The U.S. Consumer Price Index (CPI), a broad measure of prices for goods and services across the economy, is anticipated to report a 2.5% year-over-year increase for January, according to the Dow Jones consensus forecast, customreceipt.com via CNBC. If the projection holds true, this would return the widely referenced inflation measure to its May 2025 level, shortly after President Donald Trump implemented his so-called “liberation day” tariffs, which had raised concerns about sharp price increases, according to analysts reporting from the source.
In December, the headline CPI registered 2.7% and has been declining from a peak slightly above 3% in September. Core CPI, which excludes food and energy, was 2.6% in December. Both measures are projected to increase by 0.3% on a monthly basis for January.
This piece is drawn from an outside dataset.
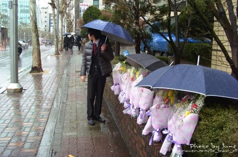 하지만 뭐, 경쟁이 치열할 것 이라는 예상을 안하던 바도 아니니 이내 침착하게 다시 전략을 되짚어 봅니다. 자리는 정문 맞은 편 횡단보도 앞 길가에 잡았습니다. 횡단보도에서 대기하는 사람들을 공략 할 수 있을 것이라는 생각에서였죠. 우리의 전략은 이거였습니다. 꽃의 비주얼로는 경쟁이 안되니, 판매 전략으로 승부를 보자. 우선 둘은 정장에 타이를 매고 나섰습니다. 원래는 인형 옷을 입으려고 하였지만 하루만에 구할 수가 없어서, 정장을 입고 가슴 주머니에 꽃을 꽂고 머리에도 꽃을 꽂는 특이한 복장으로 이목을 끌기 위해서 였습니다. 정장을 입으면 은연중에 장사꾼이 아닌 영업사원 같은 느낌도 약간은 줄 수 있다는 생각도 하였습니다.

Notably, CPI has consistently come in below Wall Street consensus forecasts over the past three months, suggesting that a modest January reading could reinforce Federal Reserve confidence in lowering its benchmark borrowing rate without triggering another surge in inflation.
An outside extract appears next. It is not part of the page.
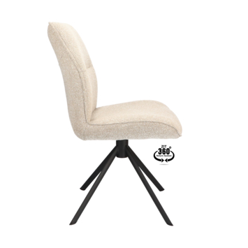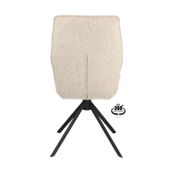 Een opvallend kenmerk van deze stoel is de 360 graden draaibare zitting. Hierdoor beweeg je moeiteloos mee tijdens een gesprek of wanneer je opstaat van tafel. De stoel beschikt bovendien over een terugdraaisysteem, waardoor hij automatisch terugdraait naar zijn originele positie – netjes en overzichtelijk in je interieur.

Tom Lee, head of research at Fundstrat Global Advisors, noted that a 2.5% CPI aligns with pre-Covid price levels and the average seen between 2017 and 2019. “This represents normal inflation conditions even with lingering tariff effects,” Lee explained, adding that the Fed’s current funds rate, set between 3.5% and 3.75%, provides considerable room for potential cuts.
Wall Street economists are closely monitoring the report for detailed insights. Goldman Sachs estimates tariffs may contribute roughly 0.07 percentage points to core inflation, with possible upward pressures on clothing, recreation, household furnishings, education, and personal care. However, the bank projects headline CPI slightly below expectations at 2.4%, reinforcing the notion that inflationary pressures could be moderating.
Markets reacted cautiously following Wednesday’s robust labor report, which recorded a 130,000 gain in nonfarm payrolls for January and a decline in the unemployment rate to 4.3%, fueling speculation that a strong labor market might discourage the Fed from cutting rates. Yet, a CPI reading at or below consensus could ease those concerns, potentially supporting a more dovish Federal Reserve stance, which historically favors stock market performance, Lee added.
The Bureau of Labor Statistics is scheduled to release the full CPI report on Friday at 8 a.m. ET.